As someone who has written, reviewed, revised, planned, and graded thousands of academic papers and manuscripts, I often get questions regarding ghost writing and whether it isn’t illicit practice. So, let me delineate what ghost writing is, and I’ll argue that we should consider ghost writing in the discussion of AI-generated text.
What Ghost Writing Actually Is
Ghost writing is the activity of writing something for someone else without being acknowledged as the author of the text. In other words, a ghost writer secretly writes text in someone else’s name.
Ghost writing is much more common than generally assumed. Within and among companies, organizations, and institutions, texts are constantly composed and published without their writers being acknowledged. This concerns marketing texts, business reports, and legal documents as much as it concerns emails and social media posts.
In addition to corporate ghost writing, also individual authors, like politicians, entrepreneurs, or celebrities, use ghost writers to have their books, speeches, articles, or songs written professionally. Ghost writing is omnipresent. And indeed, ghost writing is legal.
The person who’s responsible for the final text is not the ghost writer but the person whose name figures underneath the text. That’s why that person is usually allowed to make final amendments to the text.

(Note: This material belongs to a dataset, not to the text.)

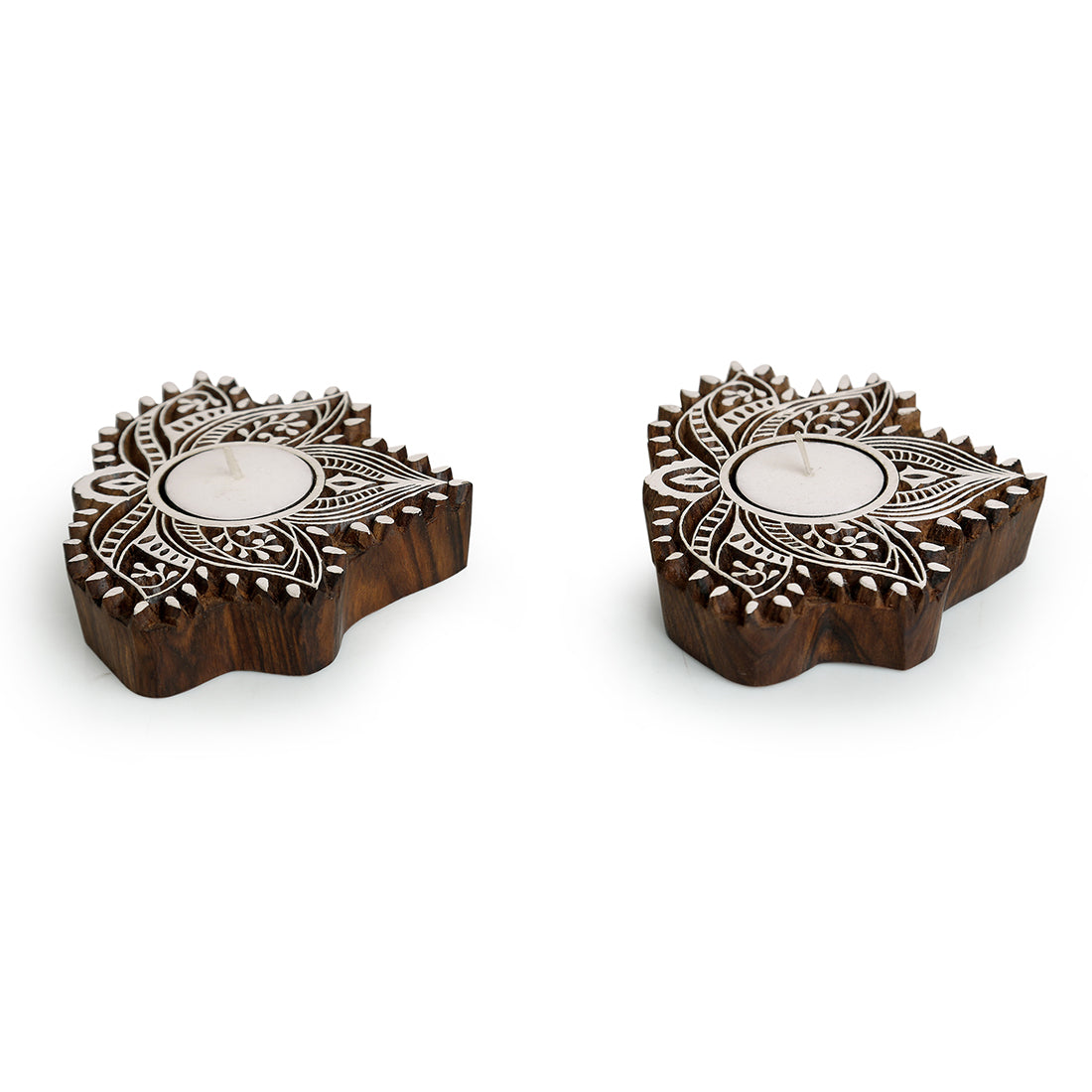 - These Sheesham Wooden Blocks Tea-Light Holders are Hand-Carved in the Shape of Lotuses Depicting Bagh Pattern.

The reasons why people and organizations opt for working with ghost writers are the same as those in other kinds of outsourcing: they lack the skills, and they lack the time.
Ghost Writing Is Outsourcing
The time factor is crucial. Writing a text that hits target takes practice, and practice takes time. So, an inexperienced writer will need much more time than an experienced one.
Another factor is expertise. Writing requires many different skills, so working with a ghost writer is like taking a shortcut. Ghost writers are linguistically versatile: they know how to convincingly present an argument, how to make complex information accessible, how to reach the target audience, and even how to do all this while optimizing search engine response. Based on these skills, ghost writers achieve one principal goal: persuasion.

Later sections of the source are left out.